▸ DESCRIPTION OF THE TASK:
No pictures go into the copy. Write out every line below exactly.

Items listed in a dataset:
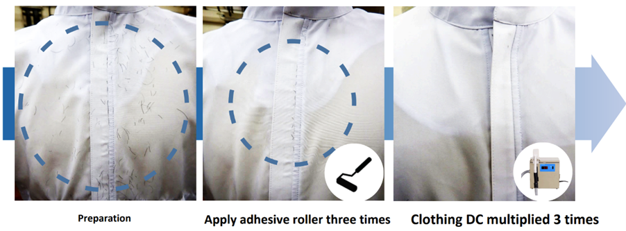 •เครื่องดูดฝุ่นและเส้นผม สามารถขจัดสิ่งสกปรก ในซอกมุมของชุด รอยพับ หรือในส่วนที่มีความโค้ง เช่น บนศีรษะได้ดีกว่าแผ่นกาว เนื่องจากใช้แรงดูดสุญญากาศ ดึงสิ่งสกปรกออกได้แม้ไม่ได้สัมผัสโดยตรง
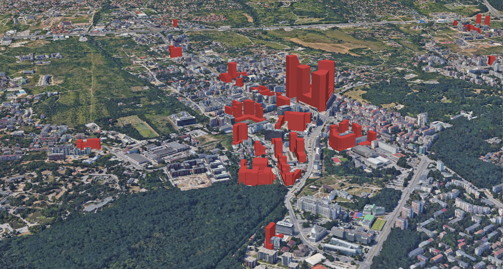 Въз основа на решения на Столичен общински съвет, Направление „Архитектура и градоустройство“ и Столична община са били издадени множество подробни устройствени планове през последните десетилетия. Те заедно със съпътстващите скици са нанесени на специален слой в портала на общината. Тази визуализация прави опит да покаже сградите, които са били нанесени с височина над 50 метра на този слой, и е възможно да бъдат построени на база налични решения.
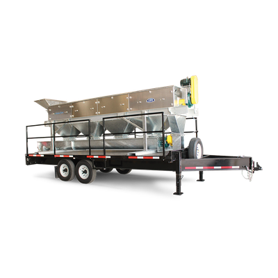 The Gentle Roll™ Mobile Screener is engineered for optimal mobility and versatility in grain separation and cleaning across multiple locations. Unlike the standard version, it offers enhanced options catering to specific needs and applications. Primarily used for the separation of mixed grains, its utility extends to cleaning grains such as barley, wheat, and soybeans. It accommodates customization as a standard feature, ensuring each machine meets the specific requirements of its user. The screener's performance is based on handling dry, free-flowing products with a bulk density of 720 kg/m3, achieving a capacity of 1900 cubic feet per hour per drum. Capacities may vary based on grain composition. The mobile model is constructed with high-quality materials to ensure durability and efficiency. It is suited for small to large capacities, with model variations available to fit diverse production scales and space constraints.
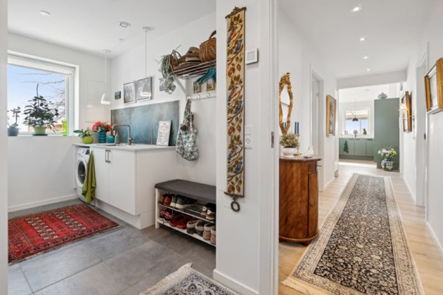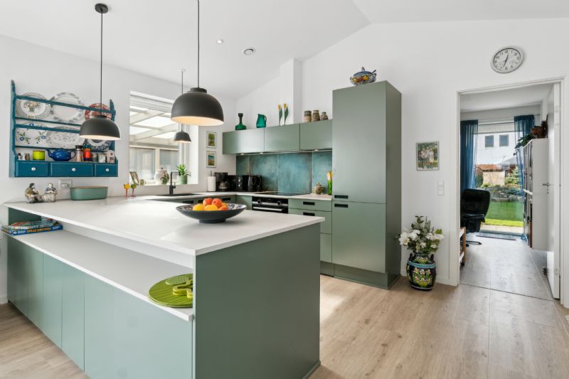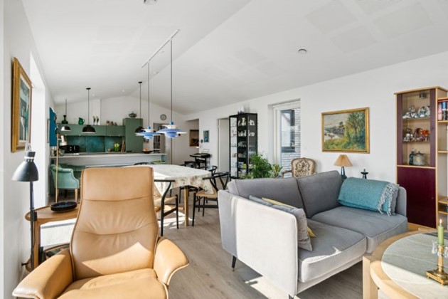 Boligens hjerte er det rummelige køkken-alrum og stue, som er designet i åben forbindelse. Her kan familien samles og nyde udsigten eller en god film. Køkkenet fra Svane er udført i en elegant grøn nuance, der tilføjer en frisk og dynamisk atmosfære til rummet. Med topmoderne faciliteter og masser af arbejdsplads er køkkenet perfekt for den passionerede hjemmekok.
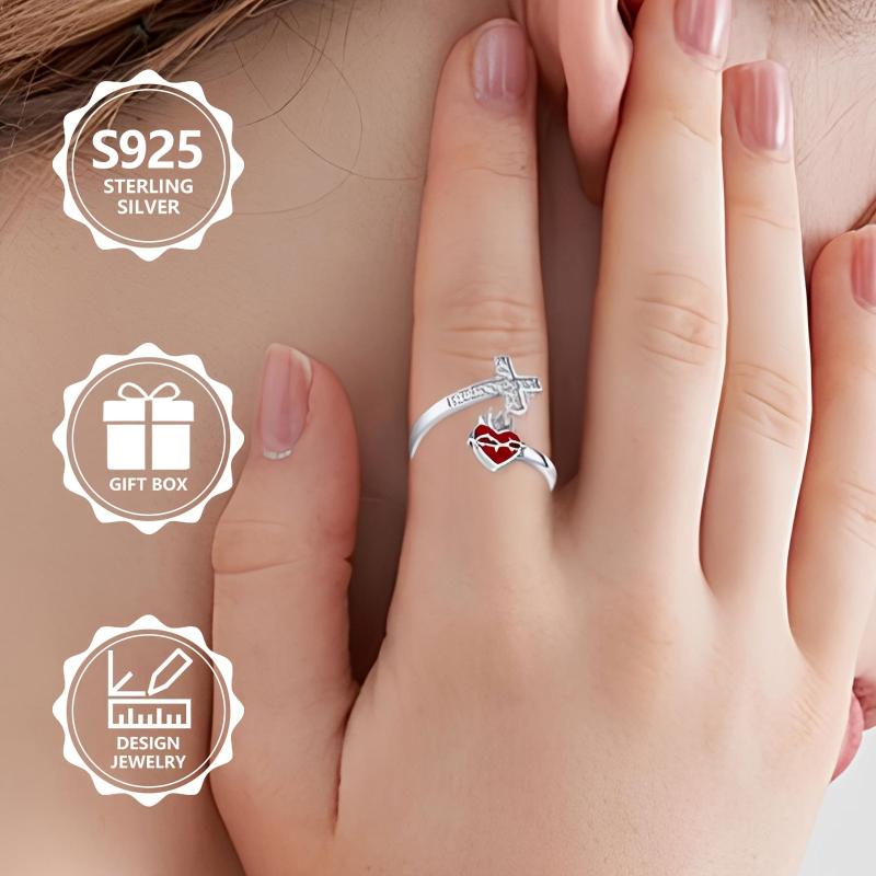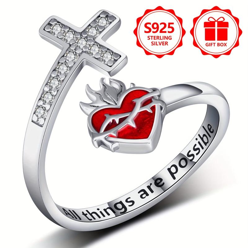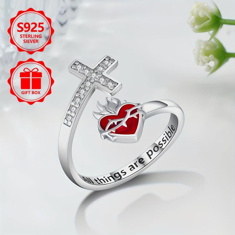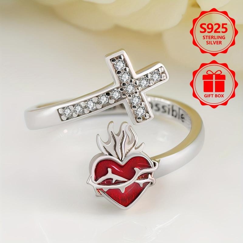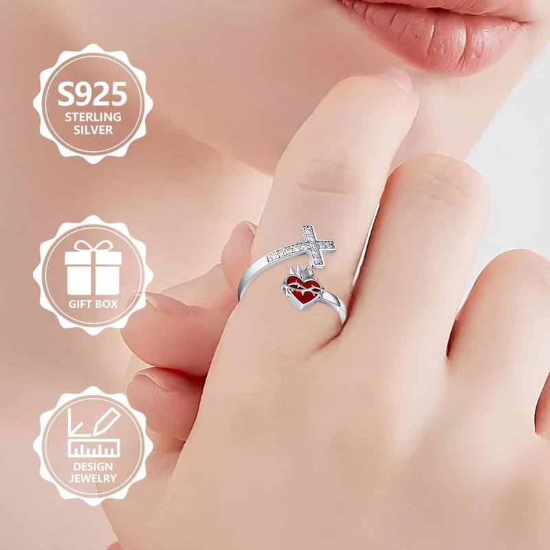 This stunning 925 silver statement ring features the Sacred Heart design. Everything is possible with this elegant ring on your finger.
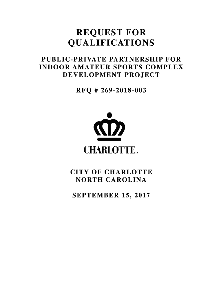REQUEST FOR QUALIFICATIONS P U B L I C P R I VAT E PA RT N E R S H I P F O R I N D O O R A M AT E U R S P O RT S C O M P L E X DEVELOPMENT PROJECT RFQ # 2692018003CITY OF CHARLOTTE N O RT H C A R
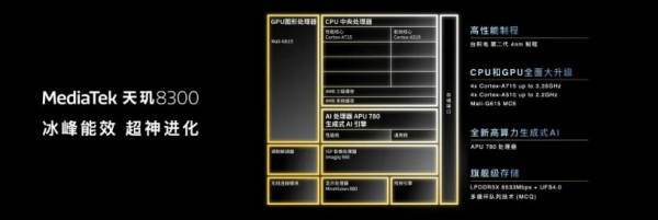 先说天玑8300-Ultra吧,它这代和天玑9300一样,走的是一个“青春版”的全大核设计。芯片本身采用台积电第二代4nm制程,基于Armv9 CPU架构,八核CPU包含4个Cortex-A715性能核心+4个Cortex-A510能效核心,对比上一代天玑8200的4个Cortex-A78大核和4个Cortex-A55小核来说,提升斐然。

▸ SOLVED EXERCISE:
 •เครื่องดูดฝุ่นและเส้นผม สามารถขจัดสิ่งสกปรก ในซอกมุมของชุด รอยพับ หรือในส่วนที่มีความโค้ง เช่น บนศีรษะได้ดีกว่าแผ่นกาว เนื่องจากใช้แรงดูดสุญญากาศ ดึงสิ่งสกปรกออกได้แม้ไม่ได้สัมผัสโดยตรง
 Въз основа на решения на Столичен общински съвет, Направление „Архитектура и градоустройство“ и Столична община са били издадени множество подробни устройствени планове през последните десетилетия. Те заедно със съпътстващите скици са нанесени на специален слой в портала на общината. Тази визуализация прави опит да покаже сградите, които са били нанесени с височина над 50 метра на този слой, и е възможно да бъдат построени на база налични решения.
 The Gentle Roll™ Mobile Screener is engineered for optimal mobility and versatility in grain separation and cleaning across multiple locations. Unlike the standard version, it offers enhanced options catering to specific needs and applications. Primarily used for the separation of mixed grains, its utility extends to cleaning grains such as barley, wheat, and soybeans. It accommodates customization as a standard feature, ensuring each machine meets the specific requirements of its user. The screener's performance is based on handling dry, free-flowing products with a bulk density of 720 kg/m3, achieving a capacity of 1900 cubic feet per hour per drum. Capacities may vary based on grain composition. The mobile model is constructed with high-quality materials to ensure durability and efficiency. It is suited for small to large capacities, with model variations available to fit diverse production scales and space constraints.
 Boligens hjerte er det rummelige køkken-alrum og stue, som er designet i åben forbindelse. Her kan familien samles og nyde udsigten eller en god film. Køkkenet fra Svane er udført i en elegant grøn nuance, der tilføjer en frisk og dynamisk atmosfære til rummet. Med topmoderne faciliteter og masser af arbejdsplads er køkkenet perfekt for den passionerede hjemmekok.
 This stunning 925 silver statement ring features the Sacred Heart design. Everything is possible with this elegant ring on your finger.
REQUEST FOR QUALIFICATIONS P U B L I C P R I VAT E PA RT N E R S H I P F O R I N D O O R A M AT E U R S P O RT S C O M P L E X DEVELOPMENT PROJECT RFQ # 2692018003CITY OF CHARLOTTE N O RT H C A R
 先说天玑8300-Ultra吧,它这代和天玑9300一样,走的是一个“青春版”的全大核设计。芯片本身采用台积电第二代4nm制程,基于Armv9 CPU架构,八核CPU包含4个Cortex-A715性能核心+4个Cortex-A510能效核心,对比上一代天玑8200的4个Cortex-A78大核和4个Cortex-A55小核来说,提升斐然。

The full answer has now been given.